The Delicate Storm. Giles Blunt
stirring the burned matter with the tongs. ‘What’s this?’ She said it more to herself than to the others.
She held a small lump of fused metal in the tongs. She turned it over on the drop sheet. The other side was shinier, and there was part of the incised outline of an animal.
‘Looks like a loon,’ she said. She looked at the two men.
Cardinal leaned over her shoulder to get a better view. ‘I think I know exactly what that is.’
The northern shore of Lake Nipissing is one of the prettiest places in Ontario, but Lakeshore Drive, which runs along the top of the inlet that gives Algonquin Bay its name, could have been designed for the sole purpose of keeping this fact from the public. It has been a magnet for eyesores for as long as anybody can remember. On the lake side there are fast-food joints, gas stations and quaintly named but charm-free motels; across from these, car dealerships and shopping malls.
Loon Lodge was at the western edge of this ugliness. It was not actually a lodge but a dozen miniature white cabins with green shutters and country-style curtains, having been built in the fifties before the log-cabin look became the fashion. Many people in Algonquin Bay imagine such businesses are closed in winter, but in fact they have two sources of winter income. One is from ice fishermen, the dentists and insurance salesmen who take a few days off to come up north with their buddies and drink themselves into oblivion. The other is from people who want a dirt-cheap place to live, and nothing is cheaper, off-season, than a cabin on Lakeshore Drive.
Cardinal had been to Loon Lodge a few times. Every so often one of the winter residents would knock his wife’s teeth out. Or the wife would tire of her husband’s drinking and insert a steak knife neatly into his ribs. Occasionally there were drug dealers. Then in summer it was all sunburnt Americans, families on a tight budget, taking advantage of the reliably frail Canadian dollar.
Cardinal and Delorme were in the first of Loon Lodge’s white clapboard cabins, the one marked Office. It was four times bigger than the rental units, and the proprietor lived in it with his wife and kids.
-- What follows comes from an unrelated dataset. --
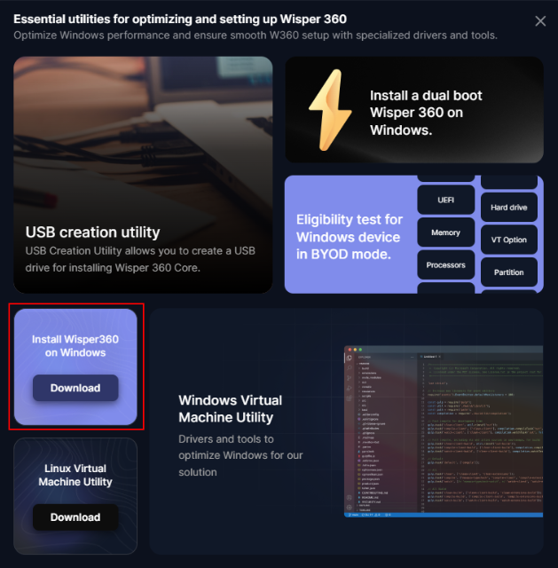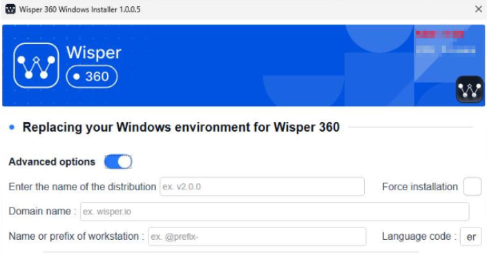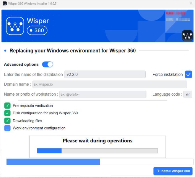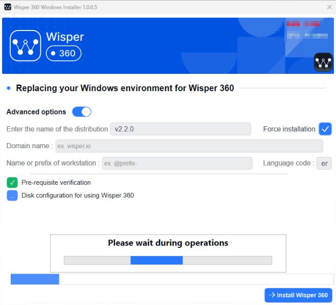Le Mode Windows Installation permet d’installer Wisper 360 Core en supprimant entièrement le système Windows existant. Il s’agit donc d’une réinstallation complète de l’environnement, à utiliser dans un contexte de déploiement maîtrisé.

He was an egg-shaped man named Wallace. His face was puffy, with a wounded expression, as if he suffered from toothache. An equally egg-shaped and disconsolate four-year-old boy was watching cartoons in the next room. Smells of supper hung in the air, and Cardinal suddenly realized he was hungry.
Wallace pulled out a guest register, found the name and turned the book around on the counter.
‘Howard Matlock,’ Delorme read aloud, ‘312 East Ninety-first Street, New York City.’
‘I wish I’d never set eyes on the guy, now,’ Wallace said. ‘Was a really slow week last week, so I was glad as hell to see him, even though he only wanted to stay a few days.’
‘Ford Escort,’ Delorme read, and copied down the licence number.
‘Yeah,’ Wallace said. ‘Bright red one. Not that I’ve seen it for a couple of days.’
‘What day did he arrive?’ Cardinal asked.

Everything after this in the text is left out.